Marshall himself, it appears, was none too eager to accept the position which Ellsworth had resigned and Jay refused; the Senate delayed the confirmation of his nomination;[1323] and it was not until the last day of the month that his commission was executed.
On January 31, 1801, the President directed Dexter ”to execute the office of Secretary of State so far as to affix the seal of the United States to the inclosed commission to the present Secretary of State, John Marshall, of Virginia, to be Chief Justice of the United States, and to certify in your own name on the commission as executing the office of Secretary of State _pro hac vice_.”[1324]

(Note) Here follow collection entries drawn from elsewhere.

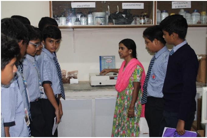
Figure-7: Soil laboratory & research outcomes demonstration by ICFRE-IFB, Staff
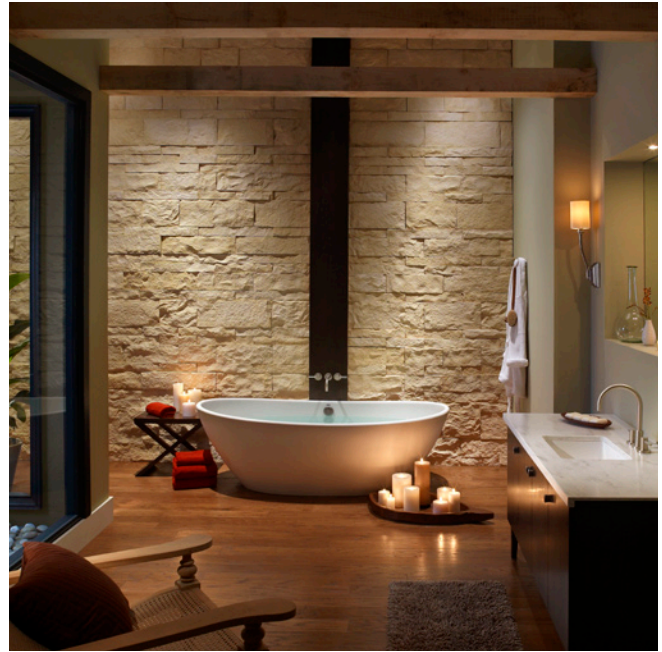
After: The ZenWall dramatically changes the mood of the room.
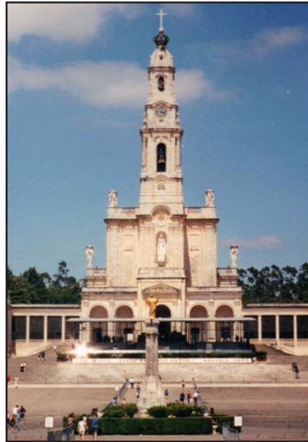
Basilica in Fatima

Millions of pilgrims come each year to pray at the Fatima shrine. On the 13th of each month, people from a different region in Portugal come to thank Our Lady for appearing in their country. But on May 13, people from the whole country of Portugal come, to honor Our Lady. Some walk 100 miles or more with just the clothes on their backs and carrying the food they will eat. As they enter Fatima, some fall to their knees and walk the rest of the way on their knees. The Army sets up huge tents for them, and some sleep in the open fields. My husband and I witnessed this.

It was almost a week before Marshall formally acknowledged and accepted the appointment. ”I pray you to accept my grateful acknowledgments for the honor conferred on me in appointing me Chief Justice of the United States. This additional and flattering mark of your good opinion has made an impression on my mind which time will not efface. I shall enter immediately on the duties of the office, and hope never to give you occasion to regret having made this appointment.”[1325] Marshall's acceptance greatly relieved the President, who instantly acknowledged his letter: ”I have this moment received your letter of this morning, and am happy in your acceptance of the office of Chief Justice.”[1326]